▸ **Data to examine**
==============================

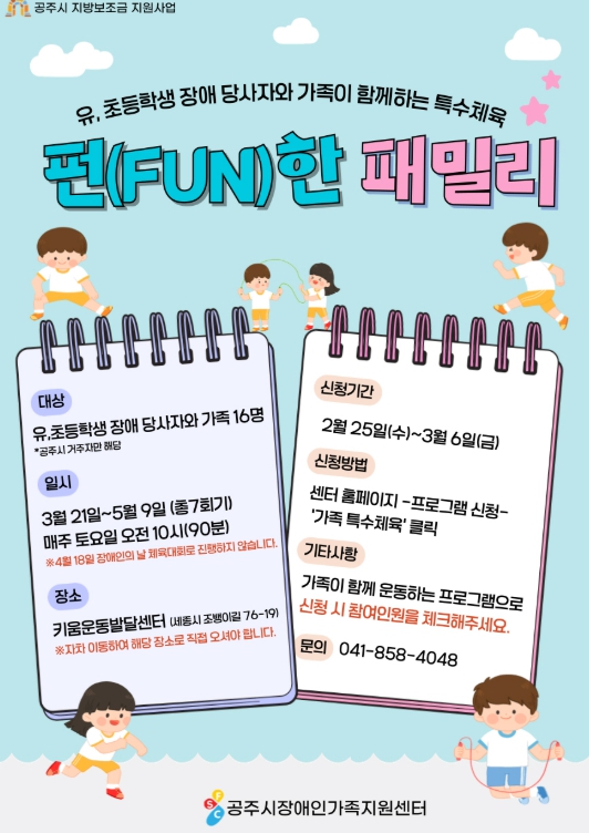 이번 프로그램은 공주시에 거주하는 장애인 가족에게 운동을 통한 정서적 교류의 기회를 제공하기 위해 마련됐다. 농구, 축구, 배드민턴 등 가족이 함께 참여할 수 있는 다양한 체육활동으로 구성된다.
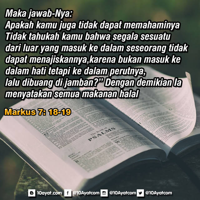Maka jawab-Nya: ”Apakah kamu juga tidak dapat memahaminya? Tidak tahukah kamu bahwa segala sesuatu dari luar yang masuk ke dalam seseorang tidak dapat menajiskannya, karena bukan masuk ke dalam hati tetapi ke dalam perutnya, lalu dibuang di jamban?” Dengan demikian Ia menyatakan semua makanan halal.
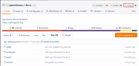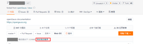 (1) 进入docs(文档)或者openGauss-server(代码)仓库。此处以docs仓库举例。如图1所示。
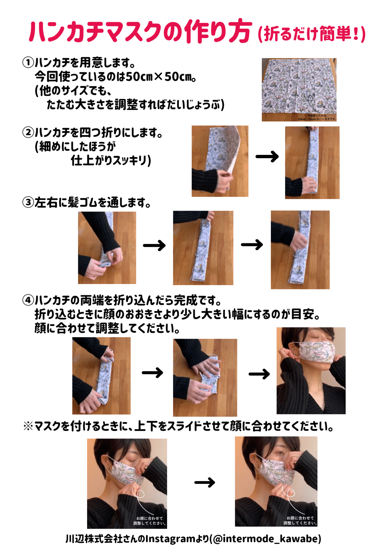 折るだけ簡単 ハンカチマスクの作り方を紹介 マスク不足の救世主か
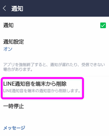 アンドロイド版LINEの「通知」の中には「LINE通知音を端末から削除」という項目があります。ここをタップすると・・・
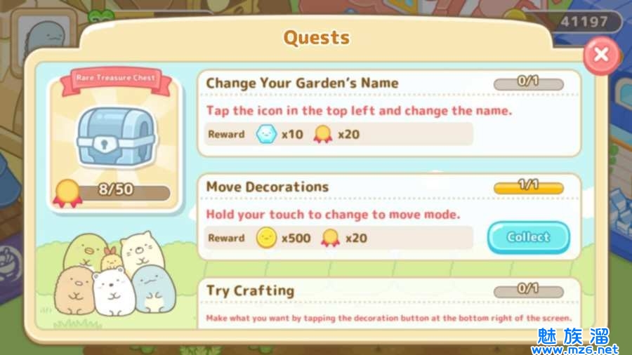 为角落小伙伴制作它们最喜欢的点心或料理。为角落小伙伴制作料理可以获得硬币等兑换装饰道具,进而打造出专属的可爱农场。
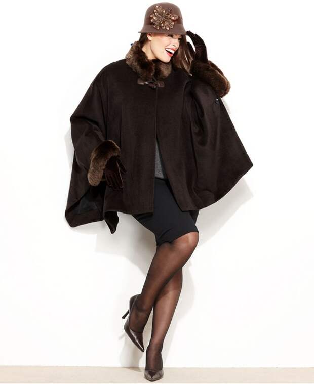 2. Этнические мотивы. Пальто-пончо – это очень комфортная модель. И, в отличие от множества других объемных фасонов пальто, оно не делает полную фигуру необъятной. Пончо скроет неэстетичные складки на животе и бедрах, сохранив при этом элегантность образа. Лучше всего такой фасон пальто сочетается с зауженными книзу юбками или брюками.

==============================

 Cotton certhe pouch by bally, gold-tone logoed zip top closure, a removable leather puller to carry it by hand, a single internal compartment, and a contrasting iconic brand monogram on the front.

==============================

▸ **Problem details**
Out of the records above, set down only the lines from the one that contains "semua makanan halal." through the one that contains "2. Этнические мотивы.", unchanged and without the pictures.

▸ **Output below**
Maka jawab-Nya: ”Apakah kamu juga tidak dapat memahaminya? Tidak tahukah kamu bahwa segala sesuatu dari luar yang masuk ke dalam seseorang tidak dapat menajiskannya, karena bukan masuk ke dalam hati tetapi ke dalam perutnya, lalu dibuang di jamban?” Dengan demikian Ia menyatakan semua makanan halal.
 (1) 进入docs(文档)或者openGauss-server(代码)仓库。此处以docs仓库举例。如图1所示。
 折るだけ簡単 ハンカチマスクの作り方を紹介 マスク不足の救世主か
 アンドロイド版LINEの「通知」の中には「LINE通知音を端末から削除」という項目があります。ここをタップすると・・・
 为角落小伙伴制作它们最喜欢的点心或料理。为角落小伙伴制作料理可以获得硬币等兑换装饰道具,进而打造出专属的可爱农场。
 2. Этнические мотивы. Пальто-пончо – это очень комфортная модель. И, в отличие от множества других объемных фасонов пальто, оно не делает полную фигуру необъятной. Пончо скроет неэстетичные складки на животе и бедрах, сохранив при этом элегантность образа. Лучше всего такой фасон пальто сочетается с зауженными книзу юбками или брюками.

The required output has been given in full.